▶ Try it
Starting at the line with "3. Laita simpukat", retype every remaining line of the records exactly. Do not include pictures.

====== Exercise data ======

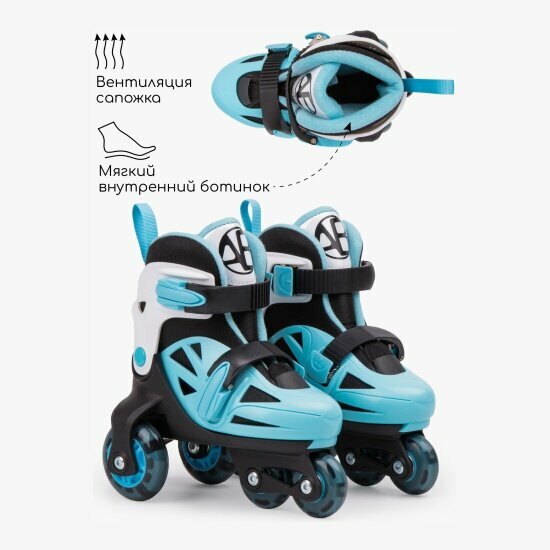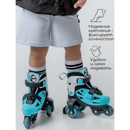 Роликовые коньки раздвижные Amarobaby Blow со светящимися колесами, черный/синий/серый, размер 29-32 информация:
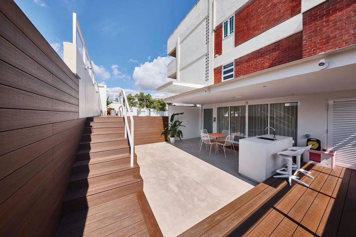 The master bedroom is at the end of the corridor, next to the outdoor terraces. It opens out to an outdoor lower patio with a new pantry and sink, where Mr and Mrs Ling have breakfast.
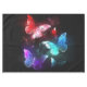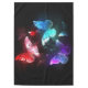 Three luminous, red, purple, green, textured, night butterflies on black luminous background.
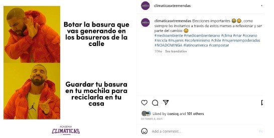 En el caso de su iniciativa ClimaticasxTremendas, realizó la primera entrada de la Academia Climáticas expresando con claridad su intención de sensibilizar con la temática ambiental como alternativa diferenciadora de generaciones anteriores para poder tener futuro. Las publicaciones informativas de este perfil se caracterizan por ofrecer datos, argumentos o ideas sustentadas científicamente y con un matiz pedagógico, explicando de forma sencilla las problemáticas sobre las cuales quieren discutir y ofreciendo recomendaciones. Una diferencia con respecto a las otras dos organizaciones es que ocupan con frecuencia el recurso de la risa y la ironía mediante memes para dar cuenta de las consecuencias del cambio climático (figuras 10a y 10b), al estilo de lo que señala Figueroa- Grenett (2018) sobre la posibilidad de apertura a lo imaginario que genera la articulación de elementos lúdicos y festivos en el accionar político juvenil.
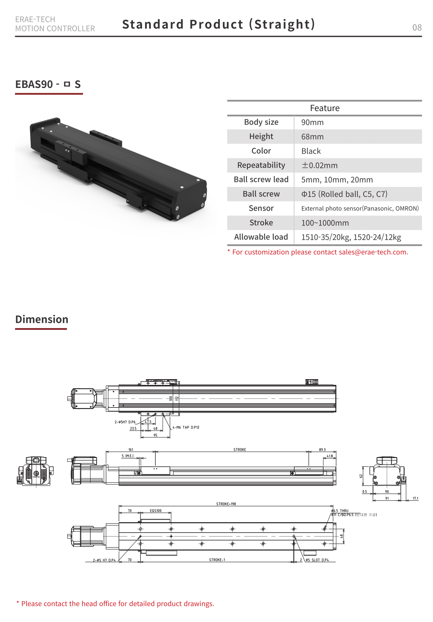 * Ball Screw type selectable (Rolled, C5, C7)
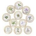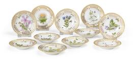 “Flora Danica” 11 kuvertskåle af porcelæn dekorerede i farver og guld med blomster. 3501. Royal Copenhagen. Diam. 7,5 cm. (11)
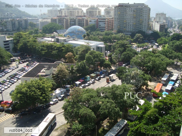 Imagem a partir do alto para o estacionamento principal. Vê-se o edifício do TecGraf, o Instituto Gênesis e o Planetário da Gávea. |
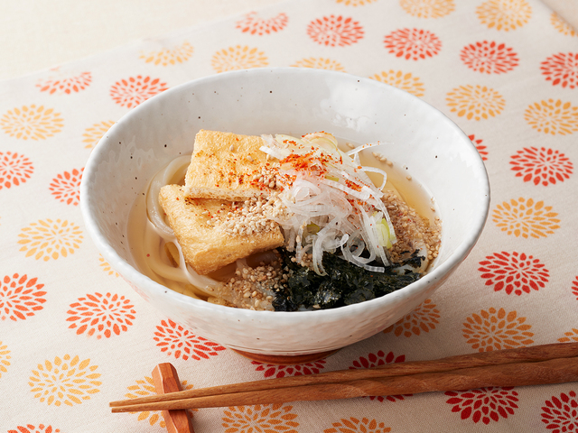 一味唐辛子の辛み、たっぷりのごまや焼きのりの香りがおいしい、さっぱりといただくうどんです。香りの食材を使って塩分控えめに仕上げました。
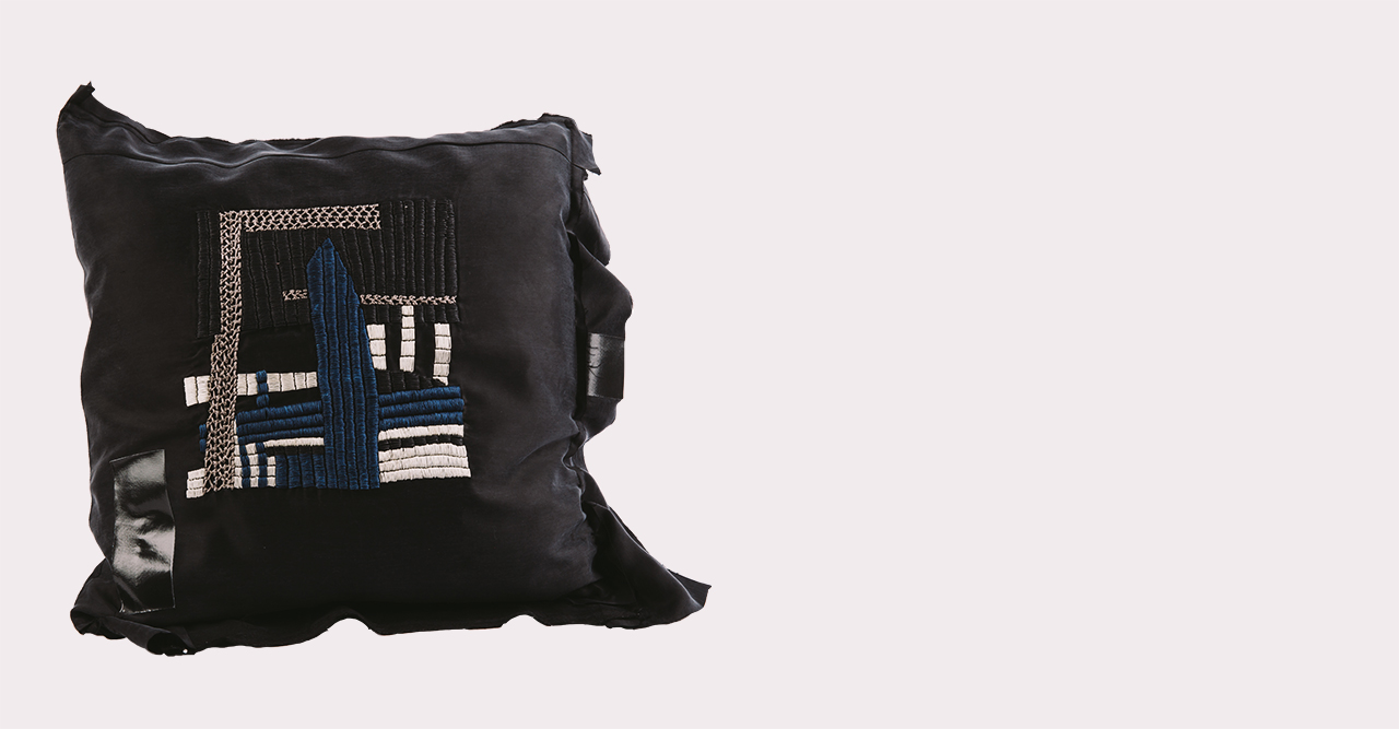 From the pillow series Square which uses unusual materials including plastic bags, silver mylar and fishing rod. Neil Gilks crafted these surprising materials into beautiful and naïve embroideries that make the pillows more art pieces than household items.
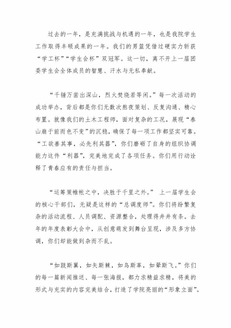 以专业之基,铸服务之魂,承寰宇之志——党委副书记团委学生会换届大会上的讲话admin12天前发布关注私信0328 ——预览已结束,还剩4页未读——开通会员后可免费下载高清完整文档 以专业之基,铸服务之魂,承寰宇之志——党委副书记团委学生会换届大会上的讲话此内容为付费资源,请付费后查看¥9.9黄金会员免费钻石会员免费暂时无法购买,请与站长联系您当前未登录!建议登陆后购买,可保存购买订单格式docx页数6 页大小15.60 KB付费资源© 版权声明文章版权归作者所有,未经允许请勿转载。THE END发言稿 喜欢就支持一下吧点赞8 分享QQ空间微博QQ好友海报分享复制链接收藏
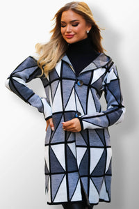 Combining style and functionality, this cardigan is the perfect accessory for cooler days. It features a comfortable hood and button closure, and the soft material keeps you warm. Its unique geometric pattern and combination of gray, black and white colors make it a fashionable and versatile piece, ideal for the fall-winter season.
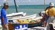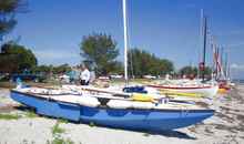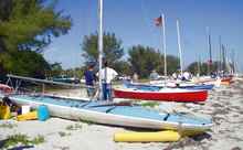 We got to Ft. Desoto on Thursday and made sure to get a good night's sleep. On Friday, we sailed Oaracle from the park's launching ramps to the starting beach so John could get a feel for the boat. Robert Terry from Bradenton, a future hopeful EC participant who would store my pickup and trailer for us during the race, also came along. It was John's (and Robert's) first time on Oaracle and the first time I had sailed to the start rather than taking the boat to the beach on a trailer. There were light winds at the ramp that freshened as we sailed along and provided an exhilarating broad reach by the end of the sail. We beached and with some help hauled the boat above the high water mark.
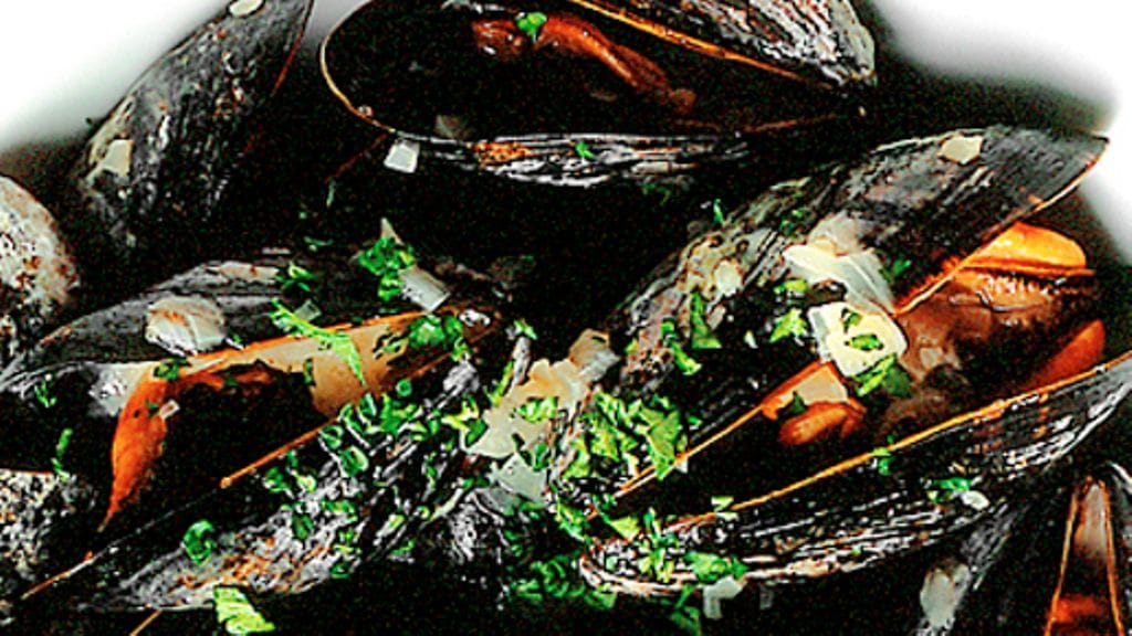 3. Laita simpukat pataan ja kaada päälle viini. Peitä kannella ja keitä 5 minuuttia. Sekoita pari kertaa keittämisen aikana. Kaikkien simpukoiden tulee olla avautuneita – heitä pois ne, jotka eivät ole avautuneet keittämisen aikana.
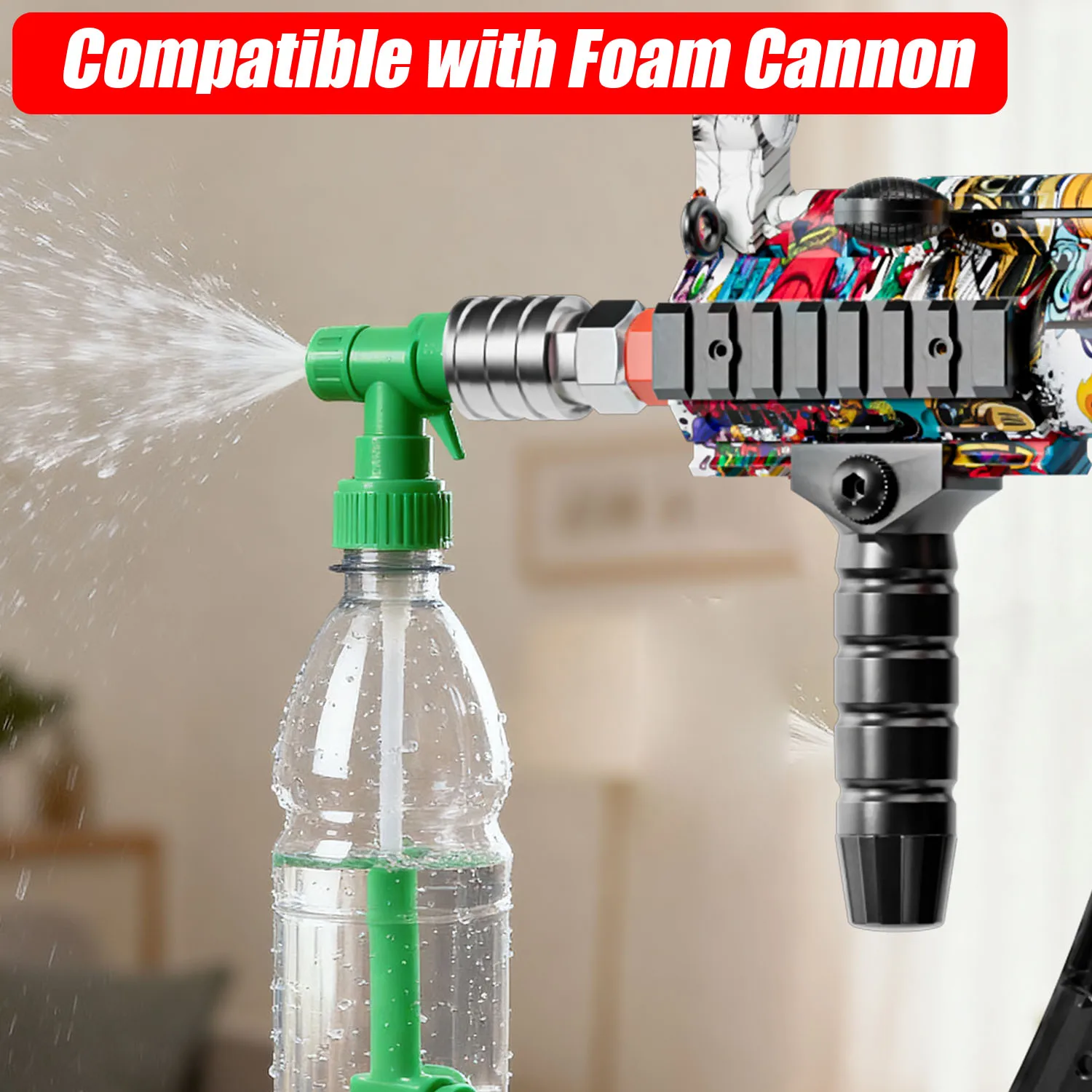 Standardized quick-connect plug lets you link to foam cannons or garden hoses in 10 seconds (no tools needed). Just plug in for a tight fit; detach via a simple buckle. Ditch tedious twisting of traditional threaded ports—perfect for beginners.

======

▶ Exercise result
 3. Laita simpukat pataan ja kaada päälle viini. Peitä kannella ja keitä 5 minuuttia. Sekoita pari kertaa keittämisen aikana. Kaikkien simpukoiden tulee olla avautuneita – heitä pois ne, jotka eivät ole avautuneet keittämisen aikana.
 Standardized quick-connect plug lets you link to foam cannons or garden hoses in 10 seconds (no tools needed). Just plug in for a tight fit; detach via a simple buckle. Ditch tedious twisting of traditional threaded ports—perfect for beginners.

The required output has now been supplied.